According to the majority of oncologists that have participated in the survey, doctors only seldomly recommend patients to mental health care.
As a new treatment for cancer patients, around 93% have administered antidepressants and 95% have prescribed anti-anxiety medicines.
Usually, oncologists direct patients to a mental health professional, according to Park. However, the red tape of medical insurance and the practicality of locating and travelling to another location might be a barrier to treatment.
“It’s almost like adding another disease and it’s not fair,” he said.
His practice screens for distress and has on-site navigators and mental health specialists.
“Cancer is complex and multifaceted. It affects everyone differently, physically, emotionally, socially, and in relationships. Oncologists are not trained to deal with it all. At St. Jude, we offer these services here and patients appreciate it,” Park said.
According to him, most oncology offices do distress screening, but patients, families, and carers may also look for help. The most difficult obstacle to overcome is communication.

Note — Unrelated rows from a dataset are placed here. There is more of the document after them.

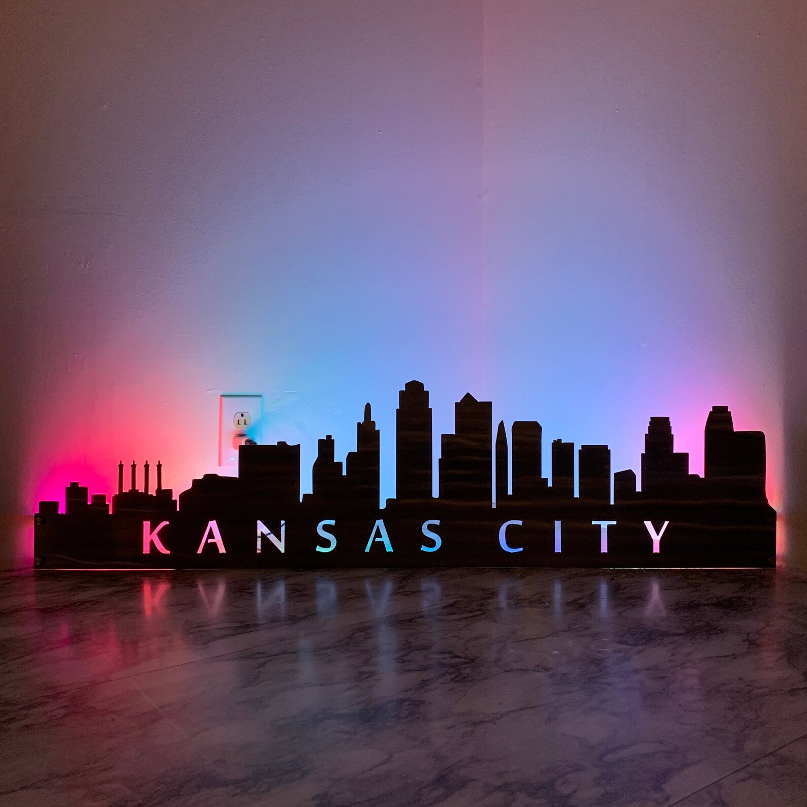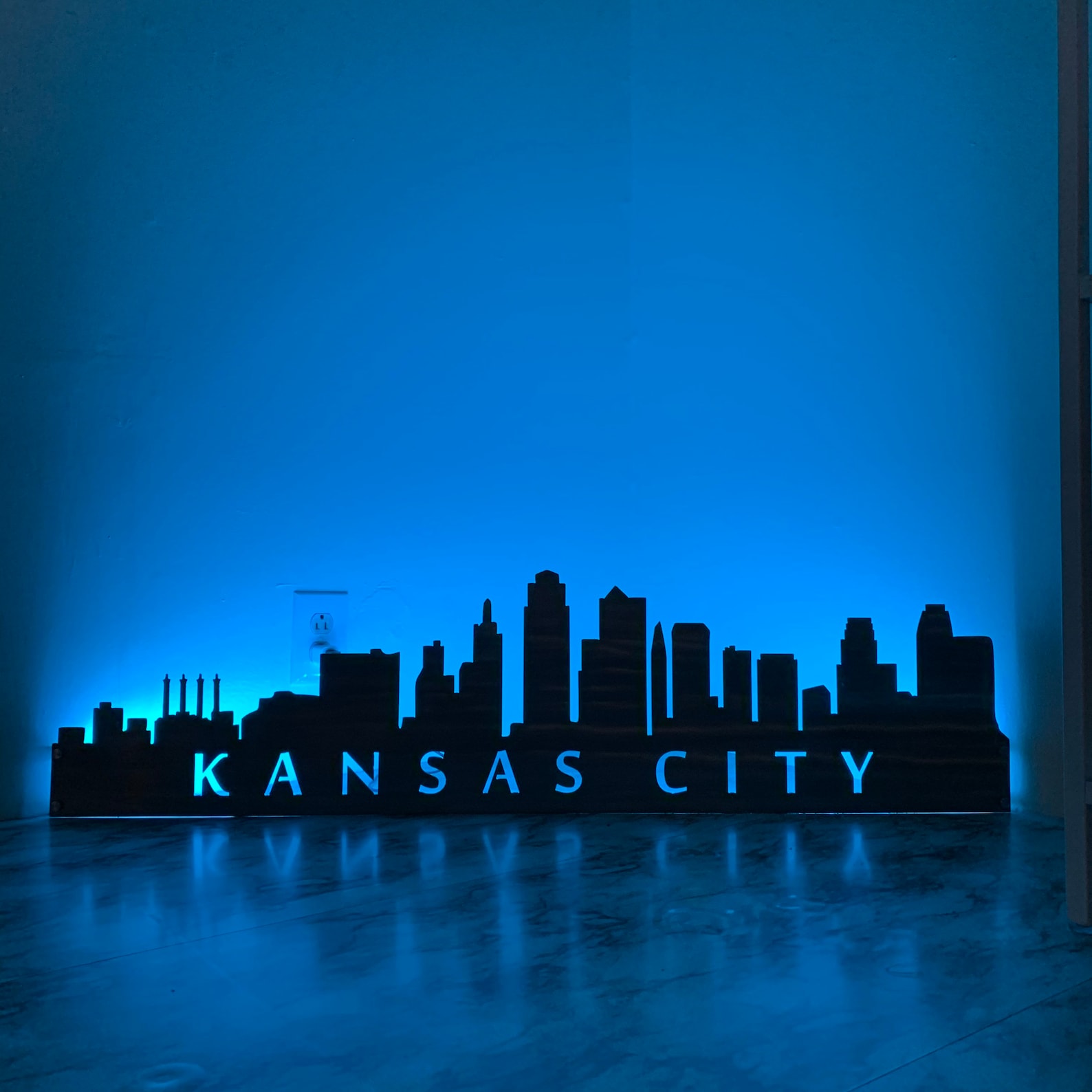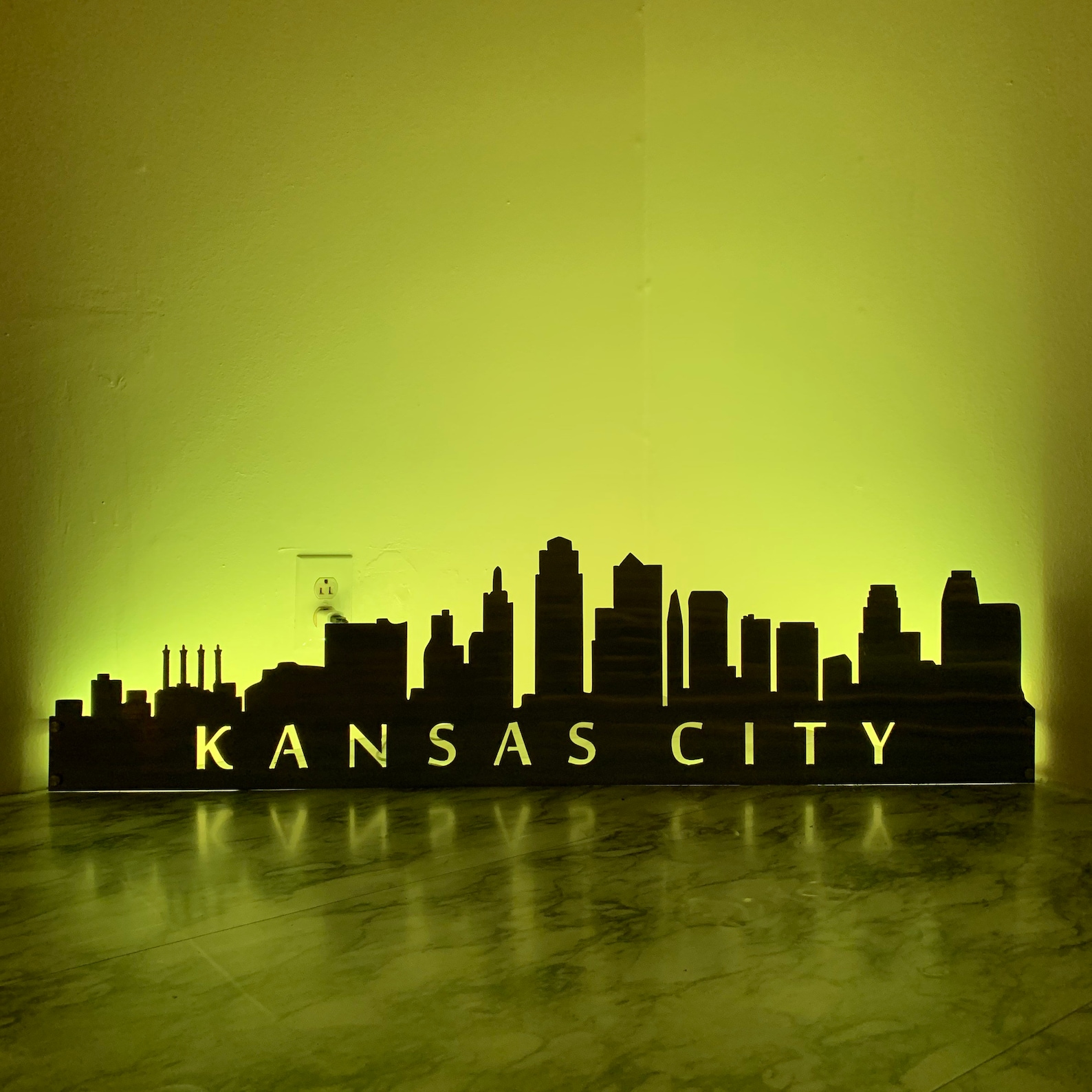 City Skyline Metal Wall Art with LED and Standoffs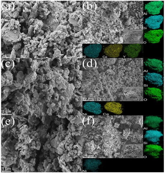 The pore structures of the Y-Ce/Ni-MK, Ce/Ni-MK, and Ni-MK samples after reduction are clearly visible in Figure 2. After incorporating active metals and promoters onto MK, the catalyst surfaces manifest a stratified morphology, which is advantageous in augmenting the specific surface area available for reactions. Furthermore, in contrast to nickel-containing catalysts documented in Table 2, the presence of smaller nickel nanoparticles in the catalysts investigated in this study suggests that MK offers a distinct advantage as a support for nickel-based catalysts compared to pure oxides. According to the EDS images, Y2O3, CeO2, and nickel nanoparticles are evenly dispersed on the MK substrate, with the nickel nanoparticles demonstrating excellent dispersion on the Y-Ce/Ni-MK catalyst. Combining Figure 2f with the EDS image of the Ni-MK catalyst reveals that the porosity within the Ni-MK catalyst is blocked, and the exterior is coated with unevenly dispersed metallic nickel.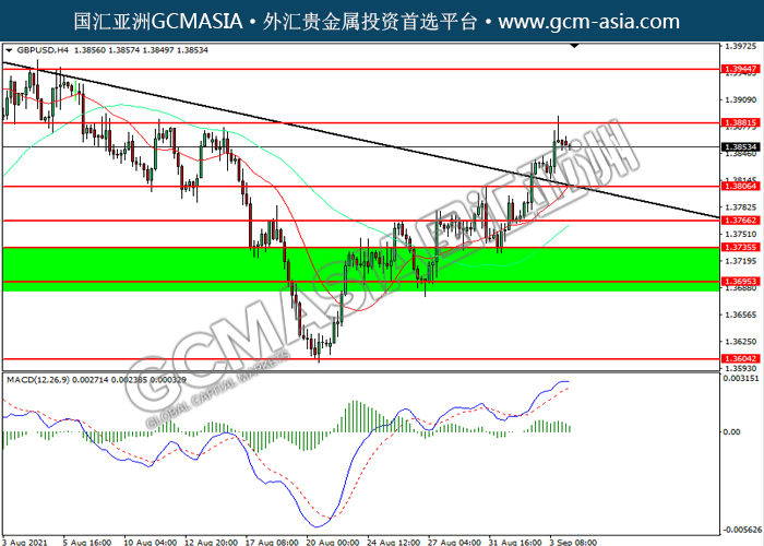 GBPUSD,H4:镑美突破前期压力,震荡上行。然而,MACD多头动能略减,短期可关注技术性回调为主。上方关注1.3880压力和1.3945压力,下方关注1.3805支撑和1.3765支撑。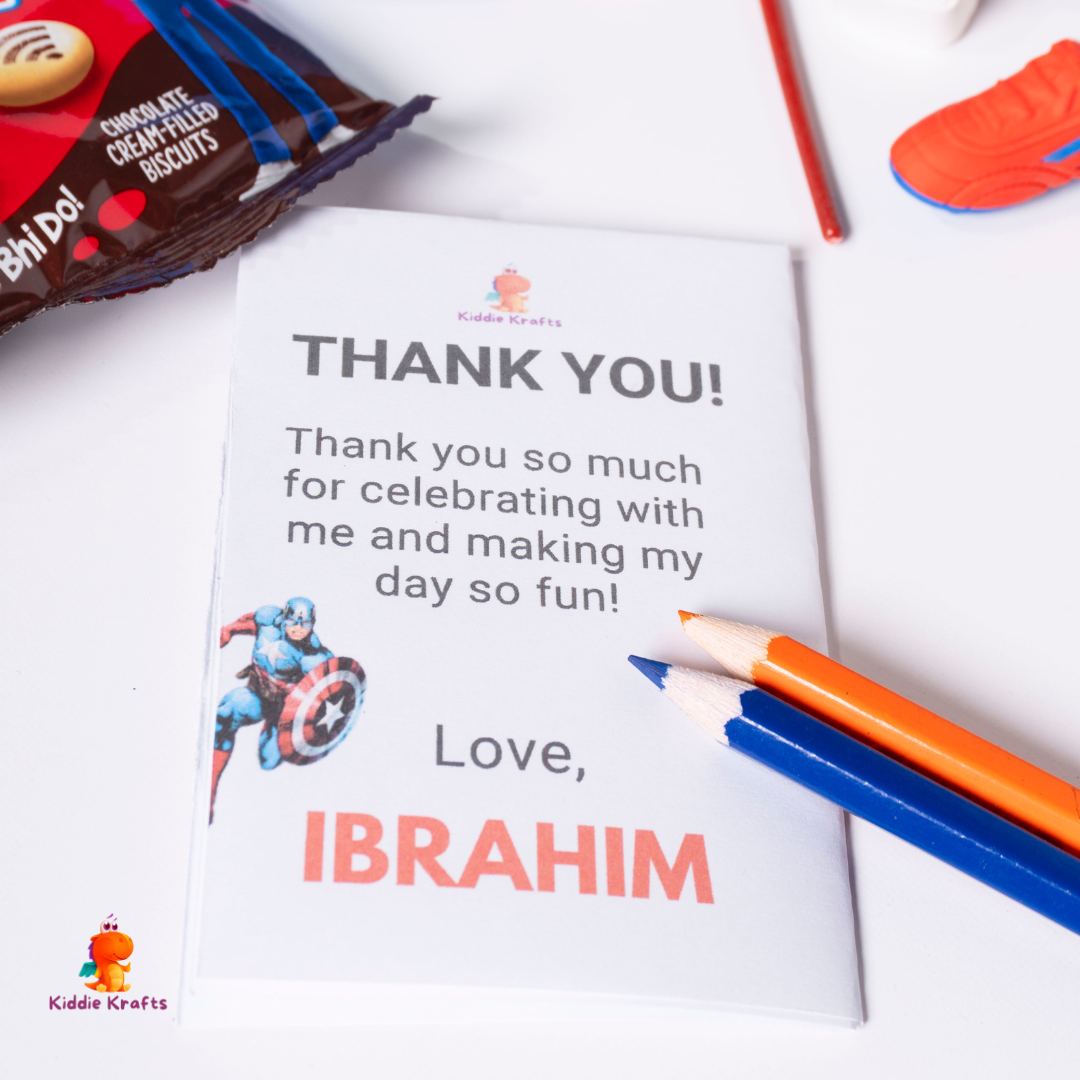 Our Avengers Sweet Pouch is a fun and colorful party favor, specially curated for kids’ birthdays and celebrations. Each pouch comes in a customized Avengers–themed bag, personalized with the child’s name and age.

“Just share with somebody,” shared Park. “Then, they can help you figure out your options and follow up.”
“If you’re the recipient of that sharing, be a sounding board. Of course, if the problem is urgent, you should call an emergency hotline,” he said.
If you are in crisis, call the National Suicide Prevention Hotline at 1-800-273-8255, which is free, confidential, and accessible 24 hours a day, seven days a week.
The American Cancer Society recommends discussing psychosocial issues with your cancer treatment team. If your oncologist does not provide in-house services, they may help you in obtaining the aid you need. This might involve attending a cancer support group or receiving individual or family counselling.
“We have a long way to go, but we know more about mental health than ever before,” Park said.